ViDLU: Vision Deep Learning Utilities

A deep learning framework for research with emphasis on computer vision, based on PyTorch. Many parts are experimental or incomplete.

This repository contains

a machine learning framework, mostly based on PyTorch,
a set of datasets, models and training configurations (as part of the framework), and
a set of scripts that use it.

Setup

Note: pip install is usually not recommended outside a virtual environment. To install the required packages, it is probably best to use the package manager that you usually use.

No installation. You can make a local copy and install dependencies with

git clone https://github.com/Ivan1248/vidlu.git
cd vidlu
pip install -r requirements.txt

Pip installation. Alternatively, you can install the package with

pip install git+https://github.com/Ivan1248/vidlu

Main scripts

The "scripts" directory contains scripts that use the framework. run.py can run experiments and dirs.py contains directory paths.

Directory configuration

scripts/dirs.py searches for and stores directory paths for datasets, cache, results and other data in the following variables:

datasets: list[Path] can point to multiple directories, each of which can contain dataset directories.
cache: Path points to a directory for caching data.
pretrained: Path points to a directory for pre-trained parameters.
experiments: Path points to a directory for experiment results. The directory saved_states = experiments / "states" is automatically created for storing intermediate and complete training states.

It might be easiest to create the following directory structure. Symbolic links can be useful.

<ancestor>
├─ .../vidlu/scripts/dirs.py
└─ data
   ├─ cache
   ├─ datasets
   ├─ experiments  # subdirectories created automatically
   │  └─ states
   └─ pretrained

"<ancestor>/data" is found automatically if "<ancestor>" is an ancestor directory of dirs.py. Otherwise, the environment variable VIDLU_DATA should point to the "data" directory.

The "cache" directory should preferably be on an SSD. "datasets" and other directories, can be a slower disk. Data from "datasets" is not accessed after being cached.

Alternatively, the paths can be defined through multiple environment variables: VIDLU_DATASETS, VIDLU_CACHE, VIDLU_PRETRAINED, and VIDLU_EXPERIMENTS.

Running experiments

scripts/run.py is a general script for running experiments.

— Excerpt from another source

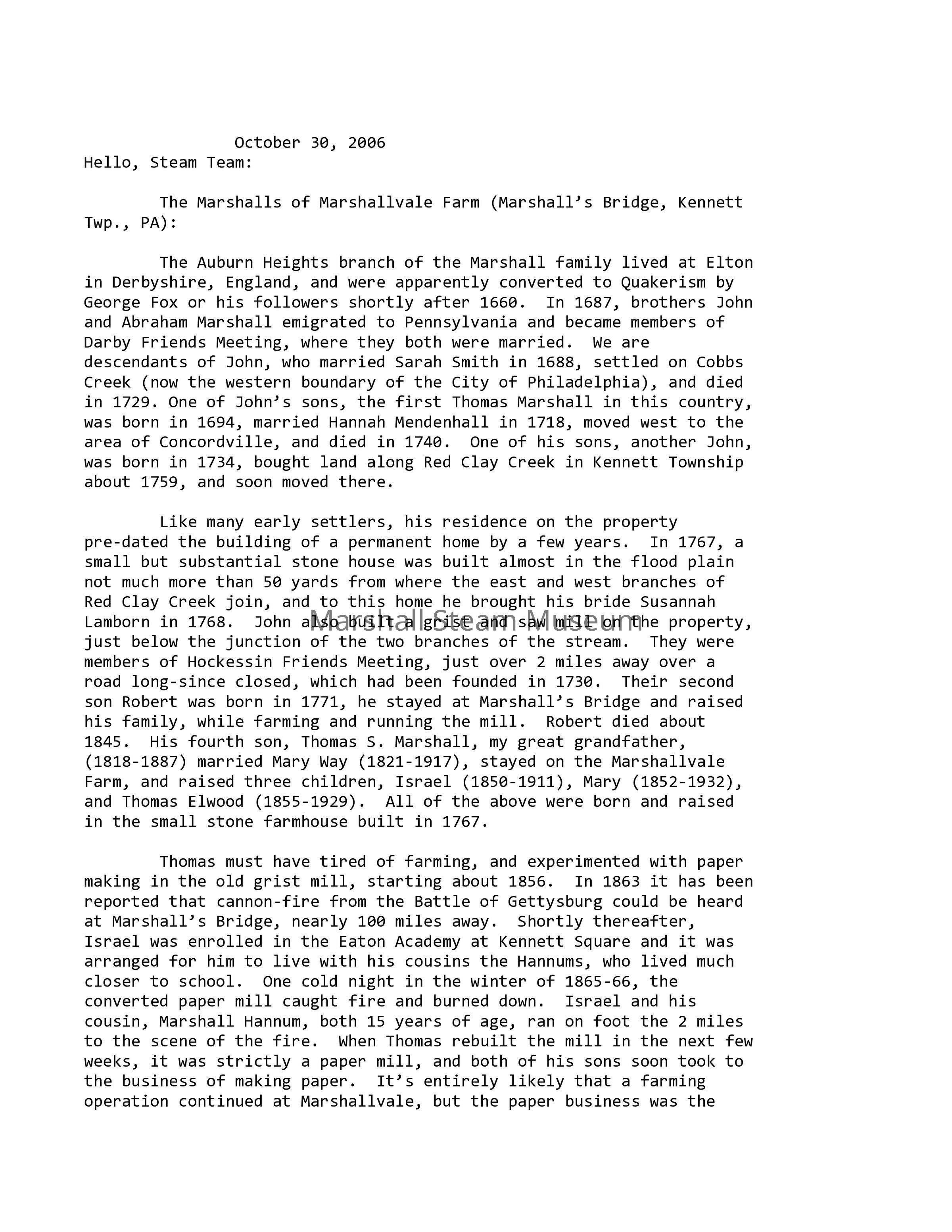 The Marshalls of Marshallvale Farm (Marshall’s Bridge, Kennett Twp., PA):

The train command is chosen by running python run.py train .... It creates an Experiment instance from command line arguments and directory paths from dirs.py. The Experiment constructor creates a Trainer instance using factories from vidlu.factories. The train command runs evaluation and training. Interrupted or completed experiments can be continued/reevaluated using the --resume (-r) argument. The command can have the following structure:

run.py train DATA INPUT_ADAPTER MODEL TRAINER [-h] [--params PARAMS] [--metrics METRICS] [-e EXPERIMENT_SUFFIX] [-r [{strict,?,best,restart}]]

There is also a test command that accepts almost the same arguments and can be used for standard evaluation or running a custom procedure that can optionally accept the Experiment instance as one of its arguments.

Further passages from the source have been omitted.